Project managers at Low Voltage Solutions got together to compare notes and share the most common customer questions asked at the beginning of projects. With these answers already in hand, you’re armed with good information from the start.
1. How soon can you start?
Depending on the size of the project, many things go into motion after an accepted proposal or contract. The Project Manager will consult with the customer to determine schedule and if material submittals, shop drawings or both are required before starting the project. The job is then entered into our system. Since we offer many types of low voltage services, Nick Siwak, LVS Superintendent, will match and assign the proper technicians to execute the project. Most importantly, we try to be flexible to meet our customers' schedules.
2. How long is it going to take for the install to be completed?
Deadlines are top priority at LVS. When we bid a project, we use special custom design estimating/project management software that takes into account labor hours, materials, and scheduling.
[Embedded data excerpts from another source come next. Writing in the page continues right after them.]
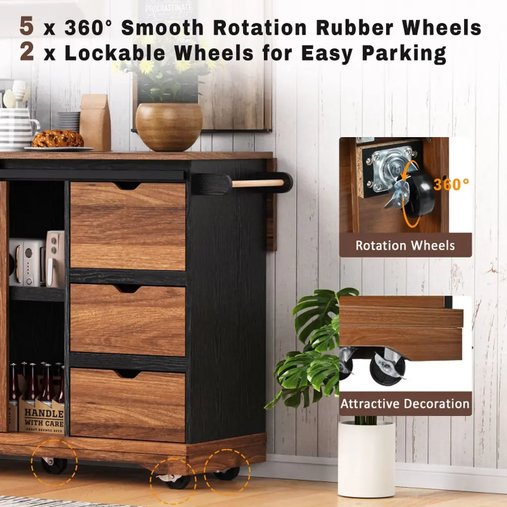 Jujabu 55.5" Farmhouse Kitchen Cart With Drop-leaf, Barn-door Storage, Built-in Outlet & Spice Rack On Wheels – Black
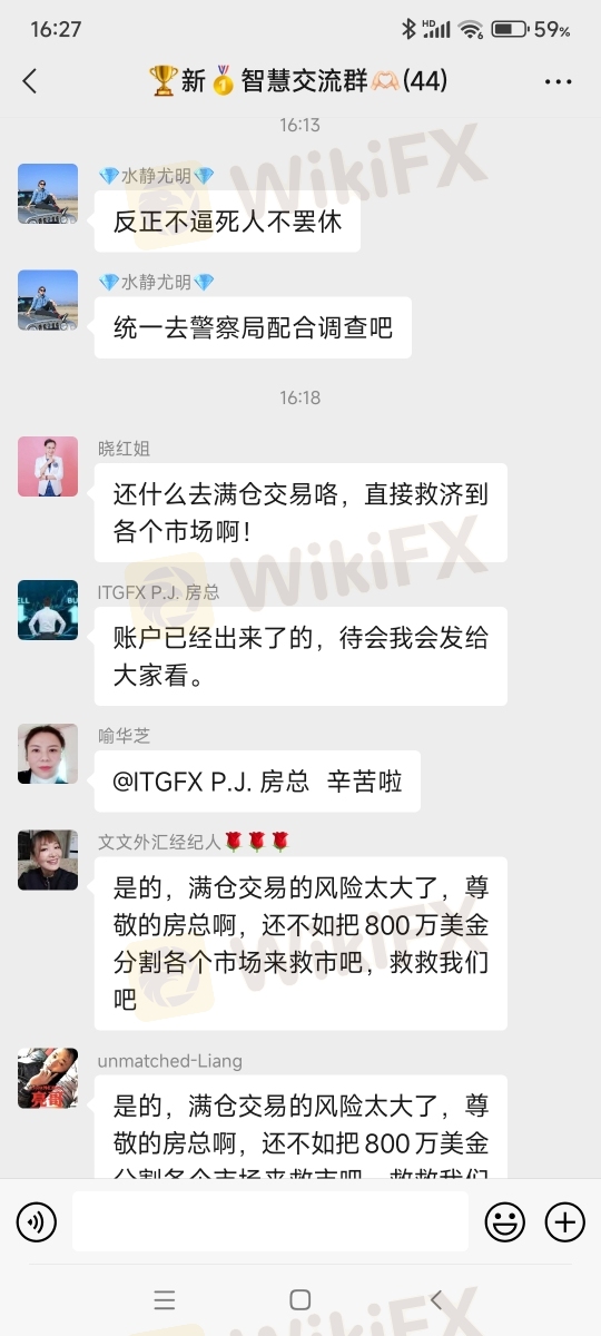 尊敬的领导们好,我是2019年十一月份加入ITGFX这家公司的,评分从一点几到后来的七点几,法律援助从C级上升为A级,所以我们从来没有怀疑过公司,团队做到了一百八十几万美金,但七月二十号凌晨发现账户余额为负数,公司说被黑客攻击,时间过去快一个月了也没一句话,我们也无法联系到公司领导人,现在只能委托帮我们追回损失,讨回公道,维护咱们的正当权益,感谢感谢
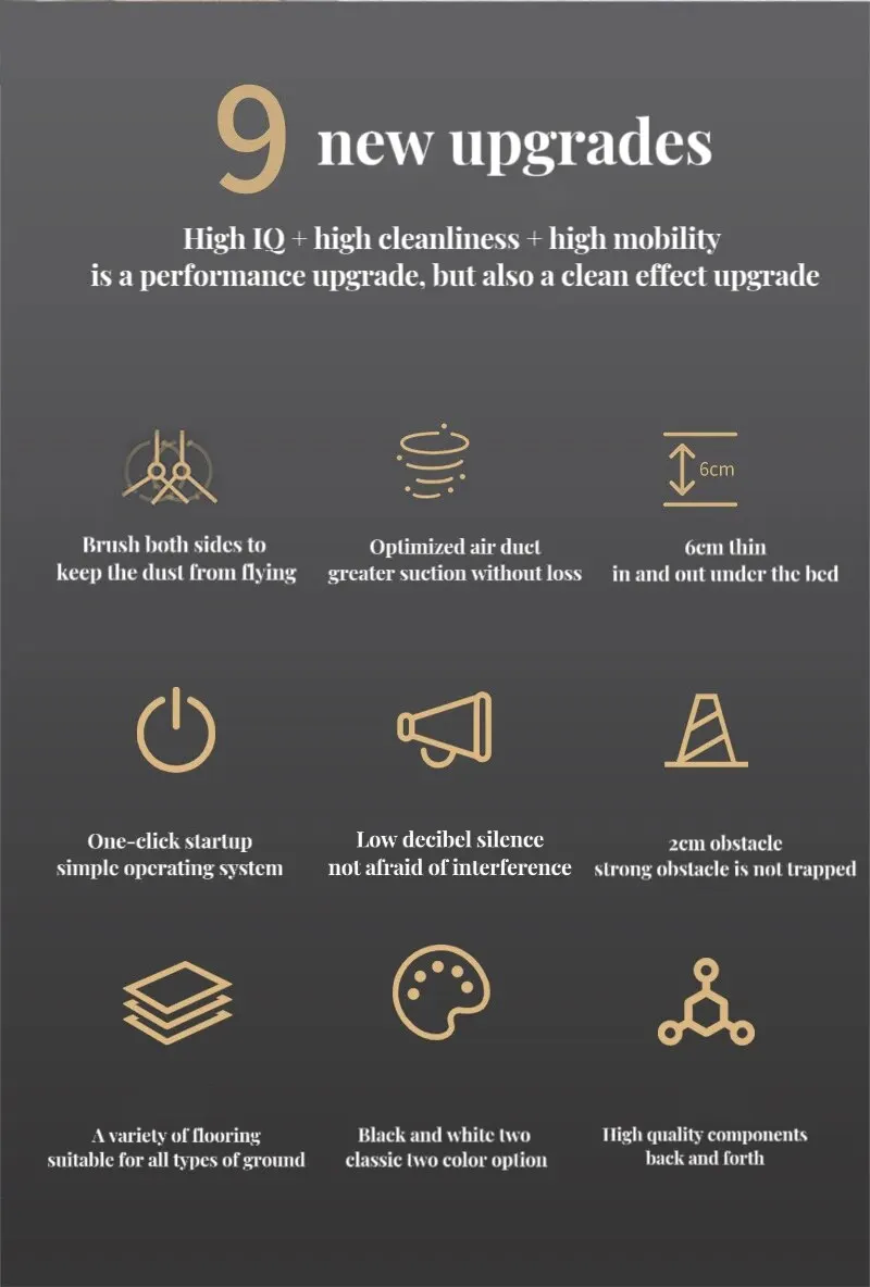 • Intelligent Cleaning :This intelligent sweeping robot efficiently cleans your house, reducing your manual work and ensuring a tidy home.

Based upon the schedule and estimated labor hours our Project Managers will assign the amount of manpower required to meet the schedule. Every project is assigned a project manager who oversees everything from fulfilling customer expectations, scheduling, changes in scope of work, and final walk-through with a customer.
3. Can your guys come back for other work? Or, since you are here, can you install this?
Absolutely. There may be lots of changes on the fly! In this case we identify the adds, moves or changes from the original scope of work and prepare a change order cost listing material and labor for customer review and approval. As projects progress, it is very common that additional service work may be needed. Once we have the customer's approval we will proceed with the additional work.
4. Is there better technology or solution that we should be using?
The key to answering this question comes from first asking the right questions about the application. For example, the type of users for the network infrastructure, will it be used for mostly data entry or high bandwidth video. Also, are we using and adapting to existing infrastructure or is this new construction. And, if we don't have the answers, we reach out to partners who are experts in a particular subject.
5. What can you do to reduce costs or can you apply value engineering to the project?
This is a great question and one we get often! We recommend first looking at the footprint of the low voltage project and identifying the customer requirements for a functional system. Value engineering (defined as a systematic or organized approach to providing the necessary functions in a project at the lowest cost) is valuable for larger projects. Depending on the type of low voltage project and based upon our years of experience, we typically can offer several ways to Value Engineer the project without losing quality and function.